Institute for Life Sciences/Electronics and Computer Sciences, University of Southampton, Southampton, (United Kingdom).
PLoS Comput Biol. 2020 Apr 13;16(4):e1006811. doi: 10.1371/journal.pcbi.1006811. eCollection 2020 Apr.
Cell differentiation in multicellular organisms requires cells to respond to complex combinations of extracellular cues, such as morphogen concentrations. Some models of phenotypic plasticity conceptualise the response as a relatively simple function of a single environmental cues (e.g. a linear function of one cue), which facilitates rigorous analysis. Conversely, more mechanistic models such those implementing GRNs allows for a more general class of response functions but makes analysis more difficult. Therefore, a general theory describing how cells integrate multi-dimensional signals is lacking. In this work, we propose a theoretical framework for understanding the relationships between environmental cues (inputs) and phenotypic responses (outputs) underlying cell plasticity.
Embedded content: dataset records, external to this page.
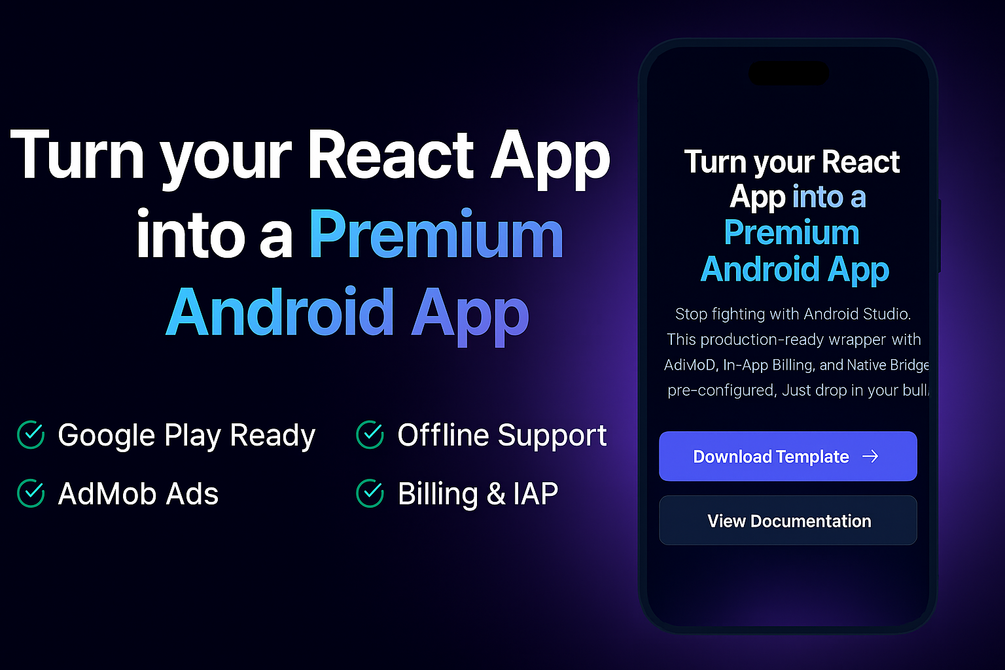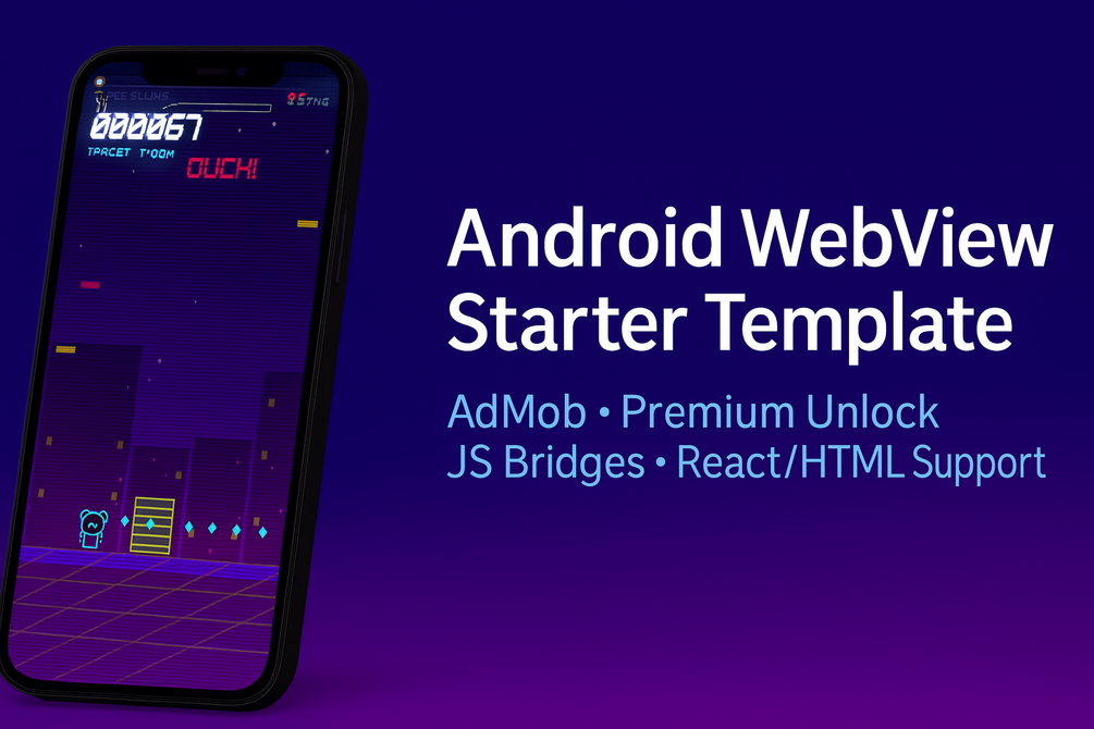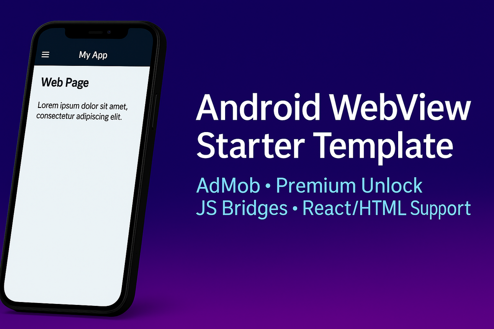 This production-tested WebView Starter Template lets you wrap any HTML5, JavaScript, React, or bundled game into a polished Android app ready for Google Play. Perfect for developers, entrepreneurs, agency owners, or creators launching micro-apps and mobile games quickly.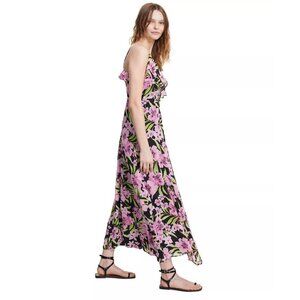 Bar III Womens Size Small Floral-Print Ruffled Maxi Dress in Havana Pink/Black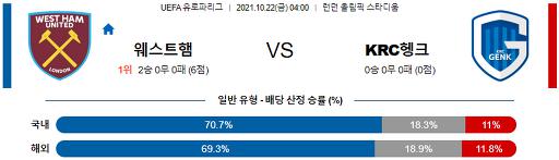 유로파리그 10월 22일 04:00 웨스트햄 : 헹크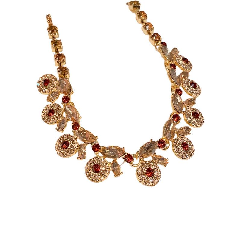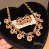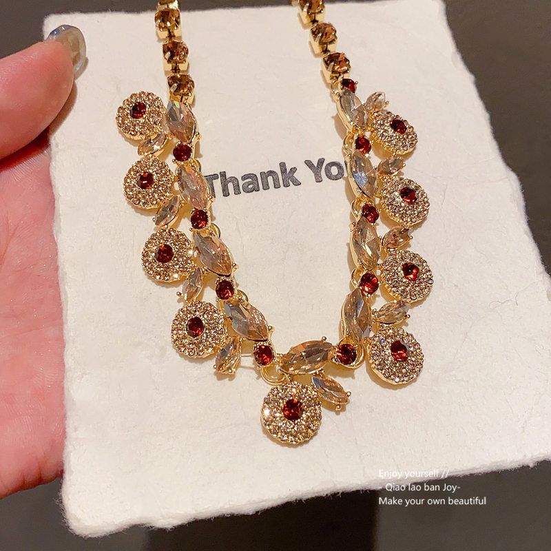 镶钻圆形花朵水滴项链复古宫廷风气质百搭锁骨链轻奢高级感项饰女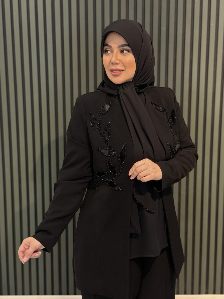 جذابترین بخش این مانتو کتی، جواهردوزیهای اصل برند سوآرسکی است؛ جواهری با درخشندگی بالا، کیفیت عالی و رنگ کاملاً ثابت که جلوهای لوکس و خیرهکننده به کار میبخشد.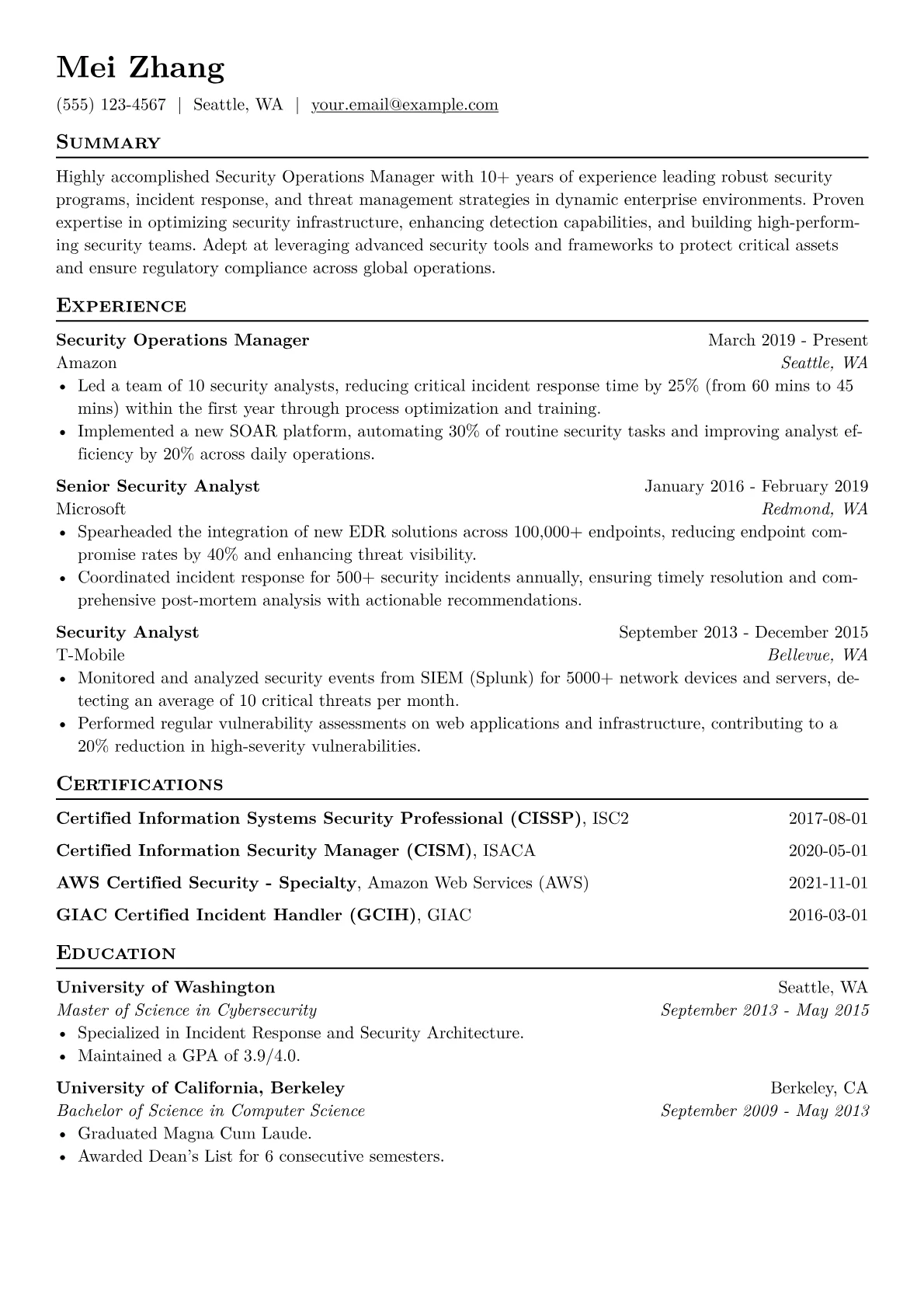 This template was built with JobSprout and can be remixed to create your own tailored Security Operations Manager resume.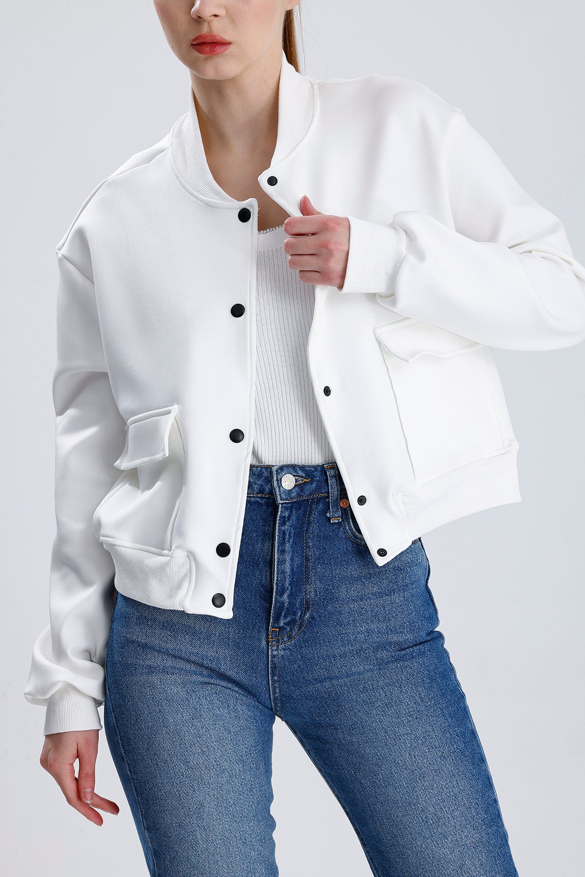 Dalgıç Kumaş Çift Cepli Bomber Ceket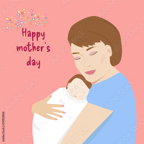 Mother's Day poster. Mother and cute baby. Vector illustration.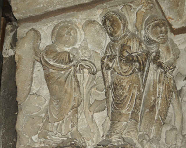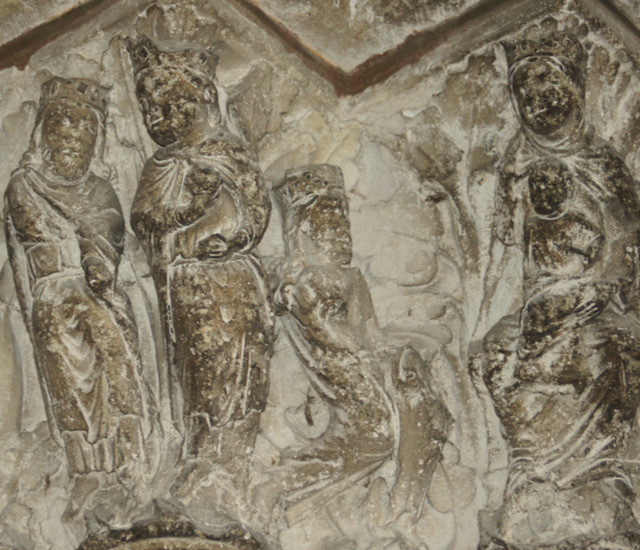 Sur les tailloirs : Une première scène peu lisible : sous un petit bois les chevaux des rois mages sont gardés par leurs serviteurs. Pendant ce temps les rois mages sont reçus à la scène suivante par Hérode..jpg)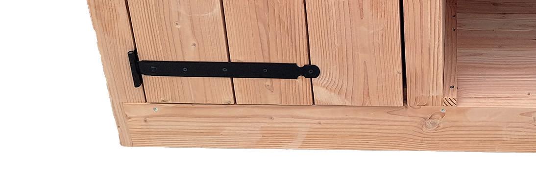 “We maken de meubels in onze eigen werkplaats”, vervolgt Marcel. “Onze barbecuetafels zijn vervaardigd van Douglashout, standaard voorzien van een keramische tegel en grote zwenkwielen. Alles is degelijk uitgevoerd, en desgewenst maken we het op maat. Bijvoorbeeld de uitsparing voor de barbecue: die maken we passend voor elk type ke le barbecue of kamado.”

We describe the relationship between environment and cell phenotype using logical functions, making the evolution of cell plasticity equivalent to a simple categorisation learning task. This abstraction allows us to apply principles derived from learning theory to understand the evolution of multi-dimensional plasticity. Our results show that natural selection is capable of discovering adaptive forms of cell plasticity associated with complex logical functions. However, developmental dynamics cause simpler functions to evolve more readily than complex ones. By using conceptual tools derived from learning theory we show that this developmental bias can be interpreted as a learning bias in the acquisition of plasticity functions. Because of that bias, the evolution of plasticity enables cells, under some circumstances, to display appropriate plastic responses to environmental conditions that they have not experienced in their evolutionary past. This is possible when the selective environment mirrors the bias of the developmental dynamics favouring the acquisition of simple plasticity functions-an example of the necessary conditions for generalisation in learning systems. These results illustrate the functional parallelisms between learning in neural networks and the action of natural selection on environmentally sensitive gene regulatory networks. This offers a theoretical framework for the evolution of plastic responses that integrate information from multiple cues, a phenomenon that underpins the evolution of multicellularity and developmental robustness.
多细胞生物中的细胞分化要求细胞对复杂的细胞外信号组合(例如形态发生素浓度)做出反应。一些表型可塑性模型将这种反应概念化为对单一环境线索的相对简单的函数(例如,一个线索的线性函数),这便于进行严格的分析。相反,更具机制性的模型,如实现基因调控网络的模型,允许更一般的反应函数类,但使分析更加困难。因此,缺乏描述细胞如何整合多维信号的一般理论。在这项工作中,我们提出了一个理论框架,用于理解细胞可塑性的基础上环境线索(输入)和表型反应(输出)之间的关系。我们使用逻辑函数来描述环境和细胞表型之间的关系,使细胞可塑性的进化等同于一个简单的分类学习任务。这种抽象允许我们应用从学习理论中得出的原则来理解多维可塑性的进化。我们的结果表明,自然选择能够发现与复杂逻辑函数相关的适应性细胞可塑性形式。然而,发育动态导致更简单的函数比复杂的函数更容易进化。通过使用从学习理论中得出的概念工具,我们表明这种发育偏差可以被解释为在获得可塑性函数时的学习偏差。由于这种偏差,可塑性的进化使得细胞在某些情况下能够对它们在进化历史中没有经历过的环境条件表现出适当的可塑性反应。当选择环境反映出有利于获得简单可塑性函数的发育动态的偏差时,就可以实现这种情况,这是学习系统中泛化的必要条件的一个例子。这些结果说明了神经网络学习和自然选择对环境敏感的基因调控网络的作用之间的功能平行性。这为整合来自多个线索的信息的可塑性反应的进化提供了一个理论框架,这是多细胞性和发育稳健性进化的基础。